Inspired by research conducted for his graduate degrees, notably his work at Michigan with the personal testimony of people living with AIDS in France, Dauge-Roth focused on the literature of survivors of the genocide — biographies, diaries, oral history and film.
It was his dissertation director at Michigan, Professor of Comparative Literature Ross Chambers, who articulated the idea that reading survivors’ literature can’t be a passive act: Listeners, Dauge-Roth learned, need to “develop a critical self-awareness regarding their own agency and inadequacy as they respond to survivors’ stories.”
As he created his Rwanda-based courses for Bates, Dauge-Roth drew on three consequential lessons from his graduate work. First, trauma causes what he calls a “fracture within the self,” a break between one’s pre- and post-trauma selves that must be negotiated.
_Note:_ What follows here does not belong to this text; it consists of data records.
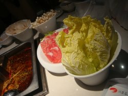 排了一个小时的对才吃上的海底捞,在天朝真心不容易,吃过饭都要排这么长的队。两个人,点了个鸳鸯锅底,59米,各取所需。点了丸类组合,因为每个都想吃,还是虾丸好吃。还有羊肉,感觉没有东来顺的好吃,毕竟专业。鱼片切的是比较肥厚,但是鲜味不足。我调的是以菌菇酱为底,加芝麻,香菜,牛肉粒,味道一级棒。但是他家不分吸烟区,有客人一边吃饭一边抽烟,很讨厌。查看更多
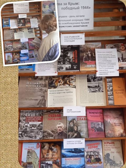 На выставке представлены новые художественно-документальные издания о ходе Крымской наступательной операции: Д. Дёгтев «Воздушная битва за Крым 1943-1944» (Москва, 2022 г.), сборник научных статей и материалов, отражающих события в Керчи и на Керченском полуострове в годы Великой Отечественной войны «О войне без купюр» (Симферополь, 2024 г.), научное издание «Подвиг и слава. Керчь и Керченский полуостров» (Симферополь, 2020 г.) и др.
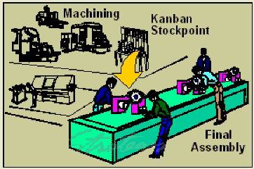 Sa spunem ca una din componentele de care e nevoie o firma sa asambleze un motor este un piston cu diametrul de 85 mm si acestea vin livrati in paleti. Sunt 100 de pistoane intr-un palet. Cand paletul este gol, o persoana care se ocupa cu asamblarea motoarelor ia eticheta lipita de palet si o trimite inapoi la producator. Atunci un alt palet cu pistoane cu diametrul de 85 mm este fabricat si trimis la asamblare.

Second, that negotiation is not just personal and internal, but social and cultural. Traumas such as AIDS or the Rwandan genocide become, or reflect, social preoccupations. So society dictates the terms of the discourse around them — often to the detriment of the traumatized, as in the bleak early years of the AIDS crisis, when sufferers were branded as “social parasites.”
“Third, I learned that testimonial literature forces on us a political discussion about the social representation of suffering and our civic role in its unfolding and aftermath,” Dauge-Roth said. Crucially, in the words of literature professor Antoine Compagnon, “what is at stake for us as readers is our willingness to be disturbed by, and ultimately transformed by, our encounter with another’s experience.”
As Dauge-Roth said in describing the Short Term course in Rwanda, his hope was to create “a space of encounter that would allow survivors to bear witness, on their own terms, and challenge us, their interlocutors, to explore what it means to be a listening community; and what responses we must forge as their painful histories are passed on to us.”
So what does it take to be a listening community? Dauge-Roth offered three tenets (“I’m French — everything goes by threes,” he joked). First, it requires that we move past pity and compassion, “since these are just part of the strategy for maintaining the status quo.” Second, it means incorporating into our own histories the history of pain that we encounter.
Third, it means that listeners “see themselves as indirect witnesses, whose responsibility is to develop a critical self-awareness regarding their own agency and inadequacy as they respond to survivors’ stories. Learning with the survivors” — not merely from; a key distinction for Dauge-Roth — becomes an “ethical gesture” that makes possible reciprocal relationships between survivors’ histories and our own.
“These courses have taught me and my students,” he concluded, “that listening to testimonies bearing witness to the genocide questions both our willingness to confront disconcerting human behaviors and our sense of cultural hospitality — when hospitality is understood as a transformative interruption of one’s self.”
“Facing the disturbing experience of genocide demands that we identify what role we play, and ought to play differently, in the social recognition and circulation of the histories of pain that community partners share.”